OPU3 contains 2*16*4=128 fixed padding (FS) bytes added to 1265~1280 columns and 2545~2560 columns
opu3* ((238*16*4-2*16*4)/(238*16*4) = rate of STM-256;
opu3= 238/(238-2) * STM-256 = 238/236 * 813 * KBIT/S;
odu3= (239/236) * 813 kbit/s;
otu3= (255/236) * 813 kbit/s;2) Ho/lo OTN architecture

The high-order/low-order optical channel architecture not only enables the compatibility of traditional OTN architectures, but also enhances OTN's ability to adapt to mainstream business, such as Ethernet services.
OTN currently regulates 4 levels of line rate 2.5G (ho ODU1), 10G (Ho ODU2), 40G (Ho ODU3, odu3e1/odu3e2) and 100G (Ho ODU4).
The LO Oduk can be directly out of wavelength or further multiplexed into Ho Oduk.
For Ho Oduk, 1.25G of time slot particles are further expanded on the original 2.5G timeslot, enabling the new Otn to support ODU0 bandwidth particles.
The 1.25G and 2.5G timeslot structures are identified using different net load types.

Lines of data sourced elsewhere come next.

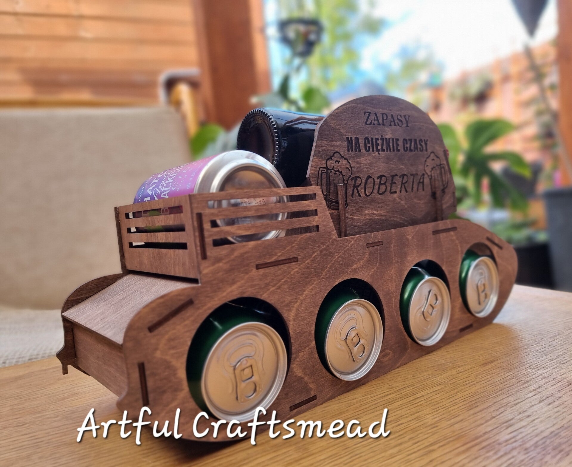 Personalized Wooden Beer Rack Holder – Unique Tank Design, Custom with name and message, Gift For All Occasion
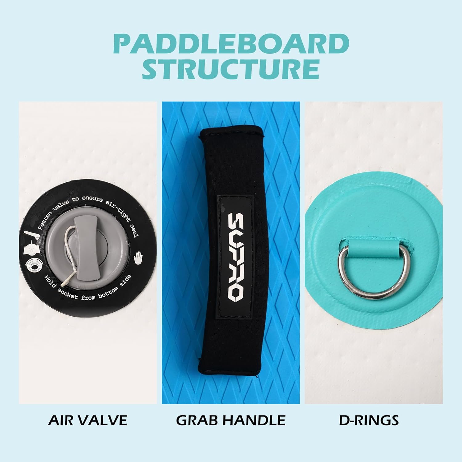 【Paddleboard Accessories】Each paddleboard is equipped with fins, valve adapter (able to fit most pumps on the market), you will reap the benefits of a colourful water experience. (Package contents are subject to pictures)
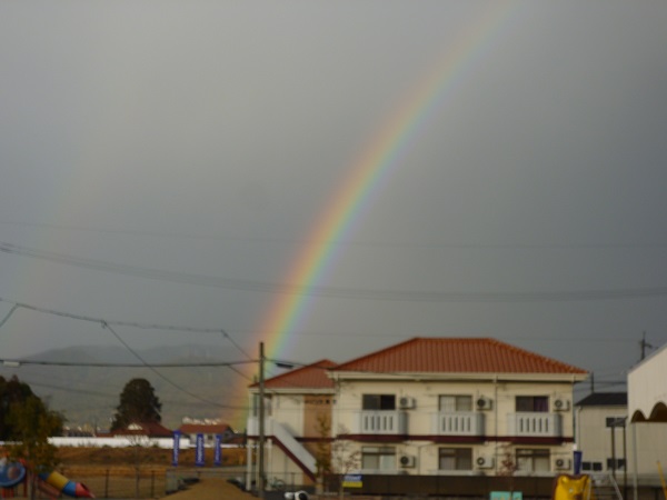 雨上がりの空に虹が出ました。
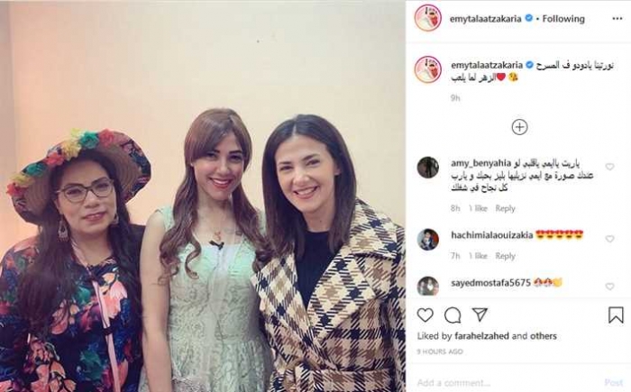 ونشرت الفنانة الشابة إيمي طلعت زكريا عبر حسابها الشخصي على موقع "انستجرام"، صورة لها من كواليس المسرحية، وظهرت فيها بصحبة كلاً من الفنانتين دنيا سمير غانم، وإيمان السيد.
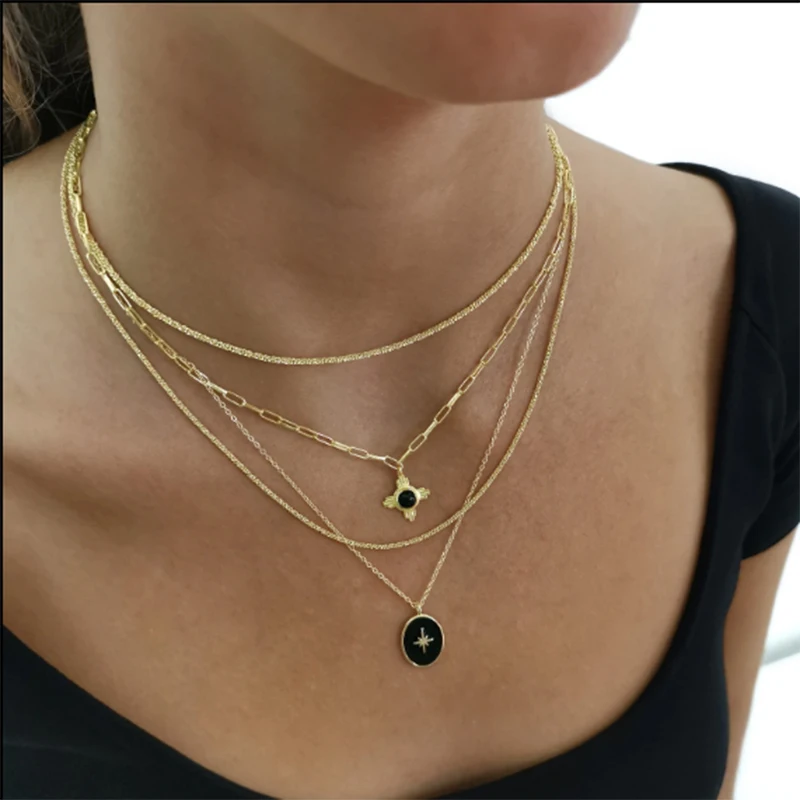 Винтажное многослойное ожерелье из стерлингового серебра 100% пробы...
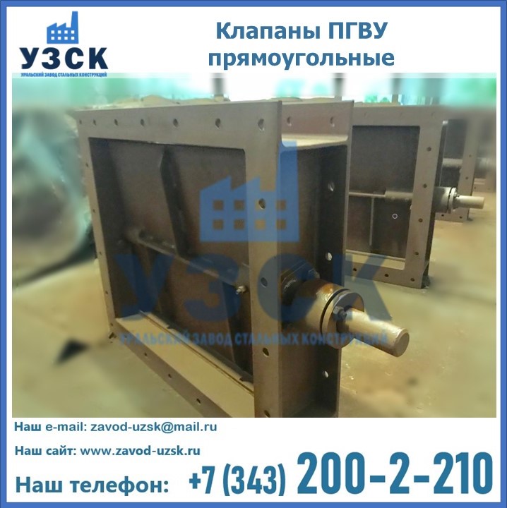 Прямоугольный клапан ПГВУ имеет прямоугольную или квадратную форму, по основному сечению конструкции, на которую устанавливается клапан. Для изготовления в Темиртау применяются сталь или чугун, в зависимости от модели. Внутри клапана имеется запорный элемент, передвигающийся параллельно общему потоку движения среды. Шибер ПГВУ имеет такую же форму, как и основное сечение. Перемещение створки происходит благодаря возвратно-поступательным движениям.
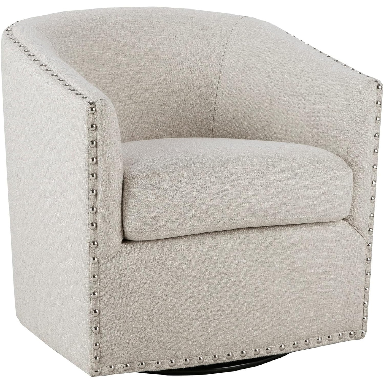 Neutral Swivel Barrel Accent Chair with Curved Back and Thick Woven Cushion, 28-Inch Wide
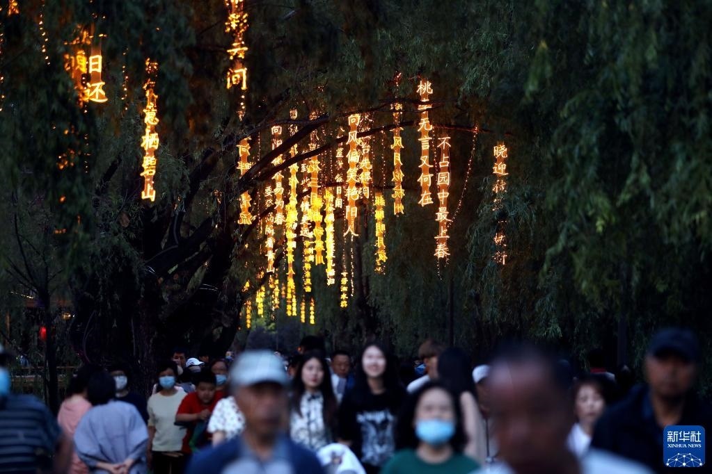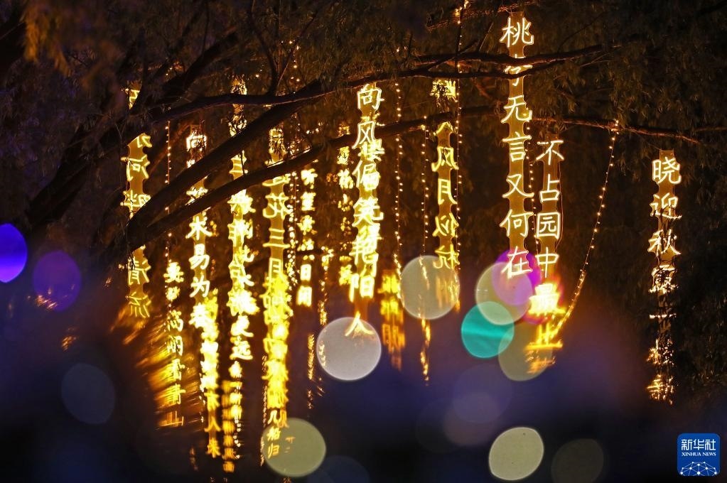 近日,沈陽(yáng)市萬(wàn)泉公園打造的一條詩(shī)詞漫道成為游客和市民的網(wǎng)紅打卡地。每當(dāng)夜幕降臨,幾十首古詩(shī)詞彩燈在這條300余米道路的樹(shù)梢枝頭熠熠閃爍,以詩(shī)入景,一步一詩(shī)。新華社記者 姚劍鋒 攝

Otn currently supports 1GE, 10GE, 40GE, and 100GE transmissions.
GE and 40GE services through the coding compression scheme, respectively mapped to ODU0 and ODU3, 10GE through bit synchronization mapping to Opu2e,100ge multichannel interface through 64b/66b code word recovery, channel alignment after mapping to OPU4.

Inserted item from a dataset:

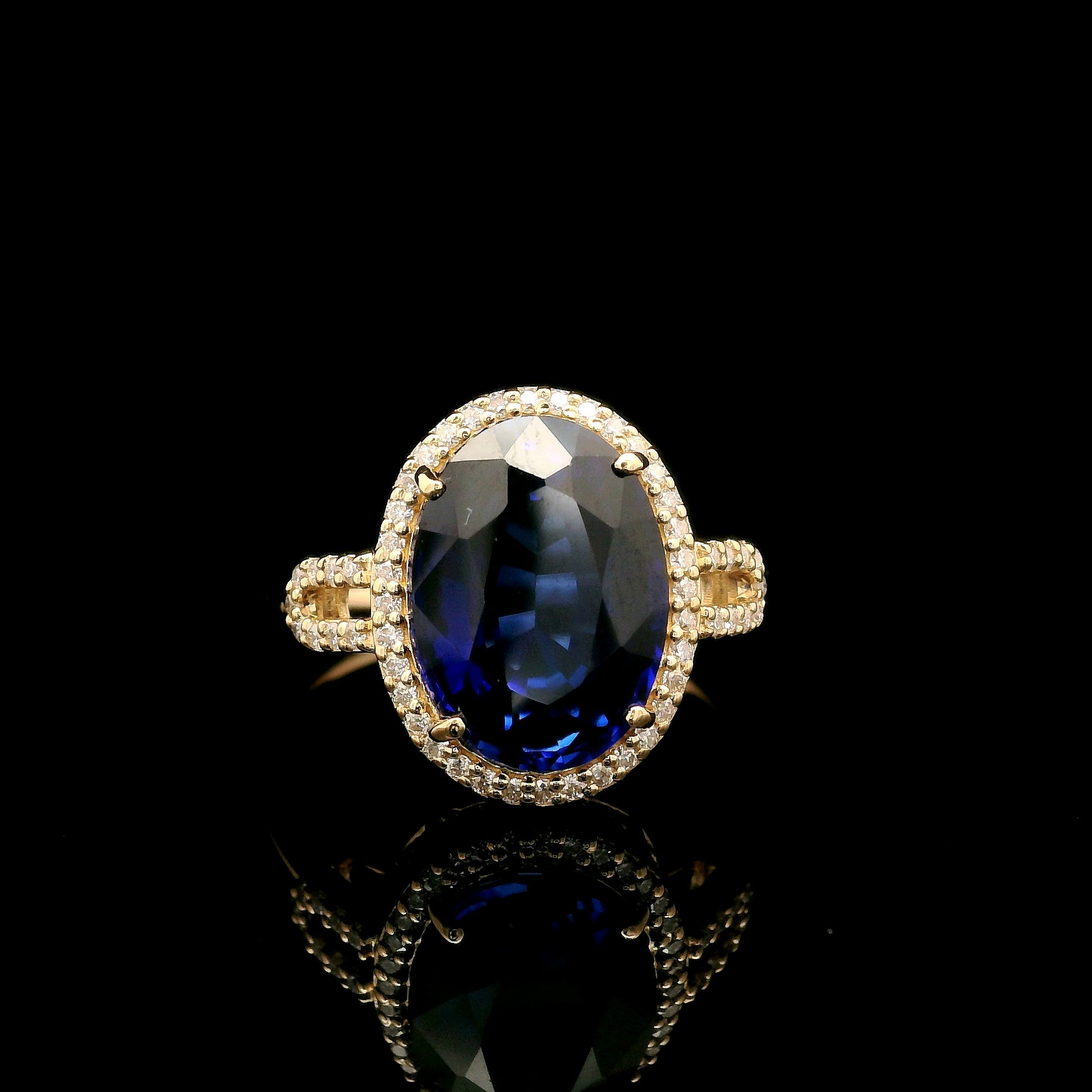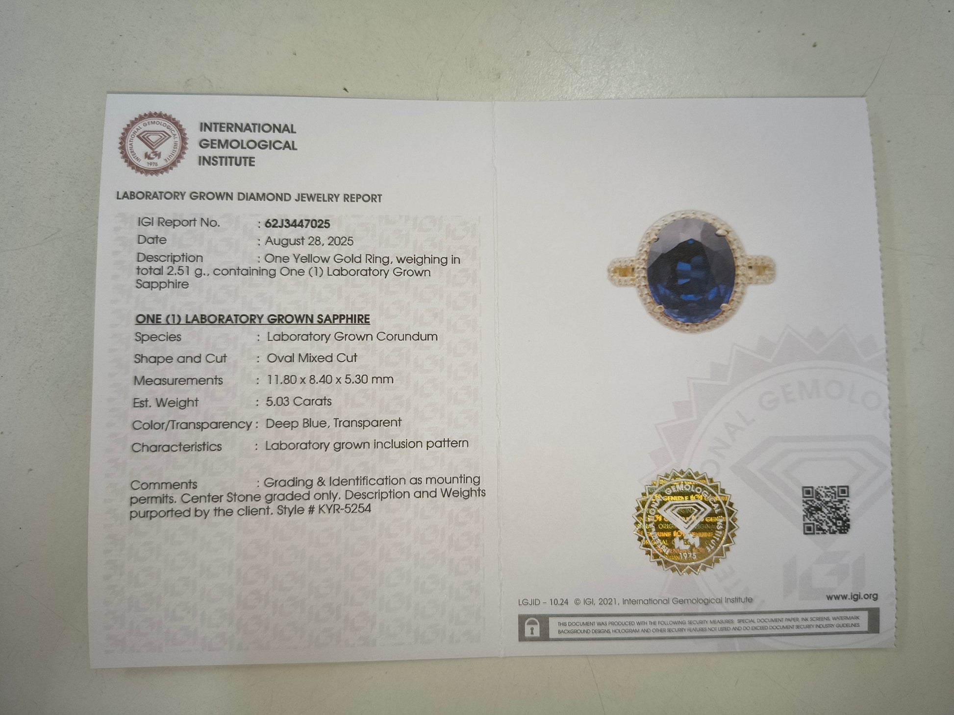 5.19 Total Carat Lab Grown Sapphire 14K Gold Ring

3) General mapping procedure GMP

The traditional OTN recommendation only defines the adaptation schemes for CBR (fixed bit rate) business, GFP Business, and ATM services.
At present, the transmission of customer signals has three levels of transparency: frame transparency, code-word transparency and bit transparency.
The frame transparency method discards the preamble and frame gap information, which may carry some private use.
Similarly, the code-word transparency method can also disrupt the original information of the customer signal.
For multi-service bit transparency requirements, OTN defines a common mapping protocol GMP to support multi-service hybrid hosting.
GMP is able to automatically calculate the number of customer signals that need to be carried in each service frame, based on the customer signal rate and the rate at which the service layer transmits the channel, and is distributed to the service frame.
GMP can realize the automatic adaptation of CBR business to Otn container, and it is the key technology of OTN carrying multi-service.

4) Oduflex

For the future of the various rate-level business, defined two variable rate Oduflex container,
One is based on CBR business Oduflex, this Oduflex rate has 3 range segments, respectively ODU1 to ODU2, Between ODU2 and ODU3 and ODU3 to ODU4, this Oduflex is adapted to the CBR business by synchronizing the mapping of BMP.
Another is based on the package business of Oduflex (GFP), the rate of Oduflex (GFP) between 1.38~104.134g, the rate of Oduflex (GFP) is arbitrarily variable in principle, However, ITU-T recommends using multiples of the Oduk time slot to determine the rate, which Oduflex (GFP) is suitable for packet business through GFP. The
Oduflex and Oduk (k=0,1,2,2e,3,4) Form a low-order transport channel that supports multiple services and can cover all businesses within the 0~104G range. Oduk (k=0,1,2,2e,3,4), based on the mainstream Ethernet and SDH business definition, can provide optimal bandwidth utilization for the mainstream business, while Oduflex provides a useful complement to the delivery of other services, enabling some non-mainstream business.